Texas has an education savings account program set to launch during the 2026-2027 school year, with funding capped at $1 billion, the largest initial ESA funding cap nationwide. In South Carolina, Gov. Henry McMaster released his executive budget in January and recommended expanding the number of scholarships offered by the state’s Education Scholarship Trust Fund, increasing it by 5,000, with an appropriation of $61.4 million. Many other states have also passed or launched new school choice programs over the last couple of years, while others have expanded their current programs.

More than 1.5 million students are participating in school choice programs this year, far more than the 600,000 in 2020. A 2026 national survey found that 75% of US parents of school-aged children said they considered a new school in 2025, 15% more than the previous year, which makes sense when considering that Gallup discovered in 2025 that only 35% of Americans are satisfied with the quality of education that K–12 students receive. Public schools have seemingly been declining for years, and now families want options. Why should their kids suffer in a bad district just because of their address?

The Holdouts

During a hearing on Wednesday, senators revived old arguments over school choice when debating the Education Freedom Tax Credit, a scholarship program included in the One Big Beautiful Bill Act. Under the program, families who donate up to $1,700 to a scholarship-granting organization will receive an equivalent tax credit, potentially generating billions for private school tuition, homeschooling, and academic costs without diverting money from public schools. But states have to opt in.

A tally from the Education and Treasury departments released on Tuesday shows at least 23 states have opted into the program, most of which are led by Republican governors. So far, Colorado Gov. Jared Polis and North Carolina Gov. Josh Stein are the only Democrats to announce their states will participate.

“It’s not about public school versus private,” said Republican Sen.

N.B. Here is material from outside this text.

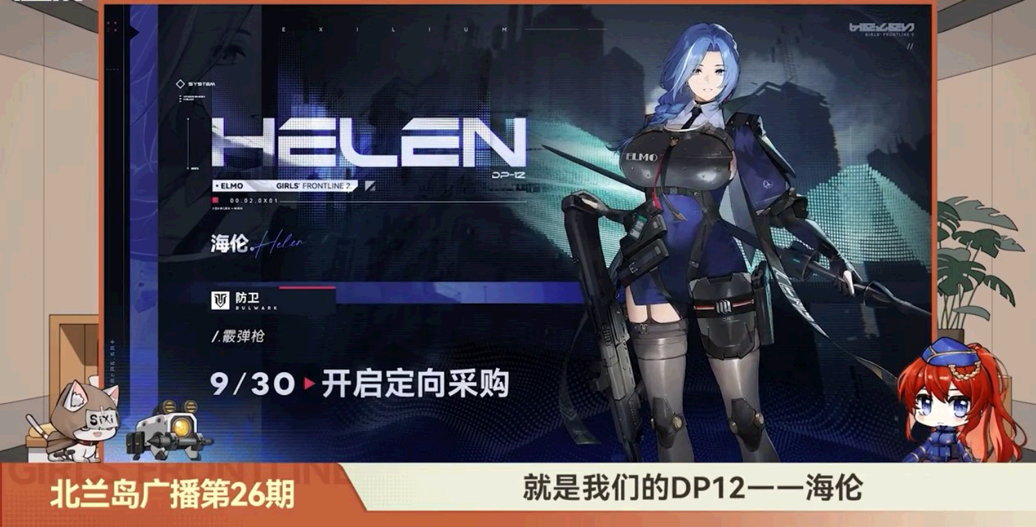 Знакомство с Хелен: Элемент замораживания, класс защитников, использует дробовик. Основная атака наносит урон от замораживания. Пассивное: увеличивает максимальное количество здоровья и защиту, снимает дебаффы с себя и восстанавливает определенное количество здоровья. Чем больше единиц урона получает Хелен, тем больше усилений она себе дает. Высший: Выбирает 1 союзника и увеличивает его атаку и защиту, а также уменьшает время восстановления у союзников, обладающих замораживающими элементами. После использования этого умения Хелен получает [дополнительную команду]. Умение 2: Дает союзникам щит, генерирует замораживающие плитки и снимает дебаффы с союзников. После использования этого умения Хелен может провести дополнительную атаку. Умение 1: Преобразует урон, наносимый союзниками, в [Дополнительную команду] (?) Оружие: Увеличивает защиту пользователя и урон, наносимый основными атаками.

Bill Cassidy (LA), “not about teachers versus parents, not about Republicans versus Democrats. It’s about giving the parent access to the innovative educational program best for her child.”

Sen. Bernie Sanders, an independent from Vermont who typically caucuses with Democrats, had a different opinion: “We should not be creating a two-tier education system in America, private schools for the wealthy, and well-connected, and severely underfunded and under-resourced public schools for low-income, disabled and working class kids.”

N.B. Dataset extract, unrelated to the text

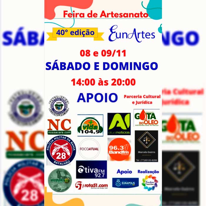 Com apoio institucional da Prefeitura de Eunápolis e apoio cultural do site NossaCara.com, a 40ª edição da EunArtes reafirma seu papel como um dos eventos mais importantes da cidade, fortalecendo a economia criativa e valorizando o trabalho dos artesãos locais.
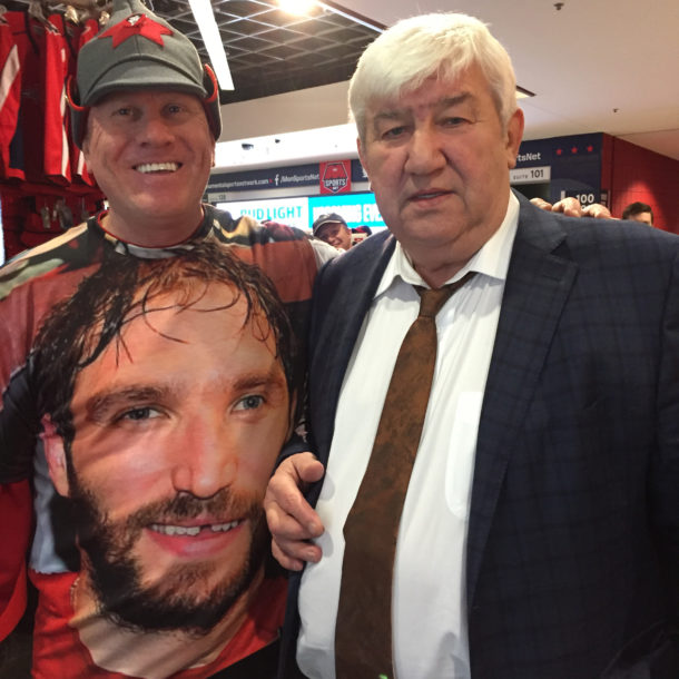 Friend of the blog Charlie McManus, aka Caps Shirt Guy, unveiled a new Ovi shirt at Sunday’s “Celebrate Ovi Day.” He also had the pleasure of meeting Alex Ovechkin’s father, Mikhail Ovechkin.

The left wasn’t always against school choice. In 1990, Milwaukee Mayor John Norquist, a Democrat, introduced one of the movement’s early signature programs: vouchers. Senator Cory Booker (D-NJ) won a Newark mayoral election in 2006 while campaigning for alternatives to the city’s public schools. Barack Obama, during his 2008 election campaign, promised to double the federal funds allocated for charter schools under President George W. Bush. So why are so many Democrats against school choice now?

It might have something to do with the teachers’ unions, which are major donors to the Democratic Party. The National Education Association and the American Federation of Teachers have also funneled tens of millions into left-wing causes, and both despise school choice. Their main argument is that the programs “defund” public schools, but this reasoning ignores the fact that the money is meant for educating children, not for supporting an institution. The funds do not belong to the schools. If K–12 establishments don’t want kids leaving for other places, perhaps they should reevaluate their approach to teaching and ask themselves why students and families desire more options.